Sur l’exécution provisoire:
L’article 514 du code de procédure civile prévoit que les décisions de première instance sont de droit exécutoires à titre provisoire à moins que la loi ou la décision rendue n’en dispose autrement.
Aucun élément ne justifie qu’il soit fait obstacle au principe de l’exécution provisoire de la présente décision.
PAR CES MOTIFS,
Le Juge des contentieux de la protection , statuant après débats en audience publique, par décision contradictoire, en premier ressort, exécutoire et mise à la disposition du public par le greffe :
Déclare valable le congé délivré par Madame [Y] [K] pour la date du
7 novembre 2024.
Dit que l’expulsion de Monsieur [G] [I], assisté de son curateur, l’UDAF DU MORBIHAN et de tous occupants de son chef pourra être poursuivie, en tant que de besoin avec le concours de la force publique, à l’expiration d’un délai de deux mois suivant la délivrance d’un commandement d’avoir à quitter les lieux.
Déboute Monsieur [G] [I] assisté de son curateur, l’UDAF DU MORBIHAN de sa demande d’octroi d’un délai de 8 mois pour quitter les lieux.

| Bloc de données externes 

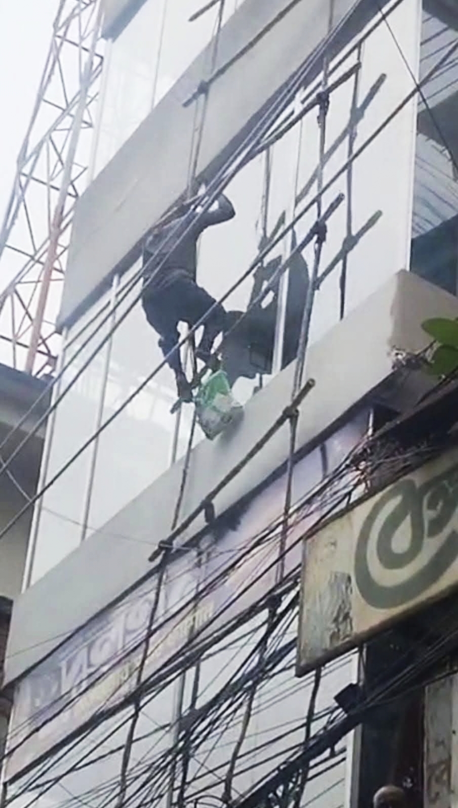 একপর্যায়ে তিনি বৈদ্যুতিক তার থেকে ছিটকে নিচে পিচঢালা সড়কে পড়ে যান।

Dit que par les soins du greffe, la présente décision sera transmise à Monsieur le Préfet du Département aux fins de prise en compte de la demande de relogement de Monsieur [G] [I] assisté de son curateur, l’UDAF DU MORBIHAN dans le cadre du plan départemental d’action pour le logement des personnes défavorisées.
Fixe le montant de l’indemnité d’occupation due jusqu’à la libération définitive des lieux, à la somme mensuelle de 370,37 charges comprises à compter du 7 novembre 2024.
Déboute Madame [Y] [K] de sa demande d’indexation de l’indemnité d’occupation.
Condamne Monsieur [G] [I] assisté de son curateur, l’UDAF DU MORBIHAN à verser cette indemnité d’occupation mensuelle de 370,37 euros jusqu’à son départ effectif des lieux.
Condamne Monsieur [G] [I] assisté de son curateur, l’UDAF DU MORBIHAN à verser à Madame [Y] [K] une indemnité de 150 euros sur le fondement de l’article 700 du Code de Procédure Civile.
Condamne Monsieur [G] [I] assisté de son curateur, l’UDAF DU MORBIHAN aux dépens.
Rappelle que l’exécution provisoire de la présente décision est de droit.
Le présent jugement a été signé par J.BESNARD, Présidente d’audience et par C. AUDRAN Greffière.